Now that he’s up, Gordon has made a nice splash in just his first two games. He went 2-for-4 with two RBI, a walk and a pair of stolen bases during his season debut and in the second game he went 1-for-3 with an RBI and another walk. Nine trips to the plate, five times on base, three steals and, most importantly, no strikeouts. A small sample size? Obviously. But if you’re looking for a place to start your season, this is definitely the right one, and fantasy owners should be tripping over themselves running to the waiver wire should he be available in your league.
While theses are just two games, a minute drop in the bucket, there is still enough to get excited about should you acquire Gordon’s services. First and foremost, his game-breaking speed should make an immediate impact in your fantasy standings. As Dave Cameron wrote just a few weeks ago, there is a serious decline in stolen bases this season which means that a player of Gordon’s ability becomes even more valuable in the grand scheme of things. The stolen base category is, traditionally, very movable in rotisserie standings, so adding a player who can immediately boost your totals is going to be huge. The added bonus of a decent average/OBP and runs scored only makes his addition even tastier.
But what could be even better is the fact that, while he may be considered an injury replacement right now, should all of this improved plate work be for real (which I think it is), he’ll stick as the Dodgers shortstop all year long and likely find himself atop the batting order in due time. Outplaying a guy like Justin Sellers isn’t going to be a tough feat for Gordon to accomplish. That, to me, is a virtual no-brainer. But what I suspect will happen is that over the next month, Gordon’s play will have such a positive effect on the Dodgers that once Hanley does return, the team will be more inclined to move him back of to third and keep Gordon right where he is. It’s not like they’ll be getting All Star-caliber play from Juan Uribe, will they? Probably not.

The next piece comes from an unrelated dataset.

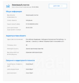 Данные получены с сайта ГИС Торги. Земельный участок с кадастровым номером 07:01:0800052:2014 площадь 40 по адресу Российская Федерация, Кабардино-Балкарская Республика, г.о. Баксан, г. Баксан, ул. имени Гагарина Юрия Алексеевича, б/н

So the way I see it — Hanley moves over to third, Gordon stays at short, he then moves up to the leadoff spot, Carl Crawford bats second and the Mark Ellis/Nick Punto show gets bumped down to the eight-hole where it likely belongs anyway. With the tandem of Gordon and Crawford setting the table, the RBI opportunities for Hanley, Matt Kemp and Adrian Gonzalez improve dramatically. It’s a win-win situation for everyone involved, unless of course you’re relying on Ellis/Punto which, if you are, is probably the least of your concerns anyway.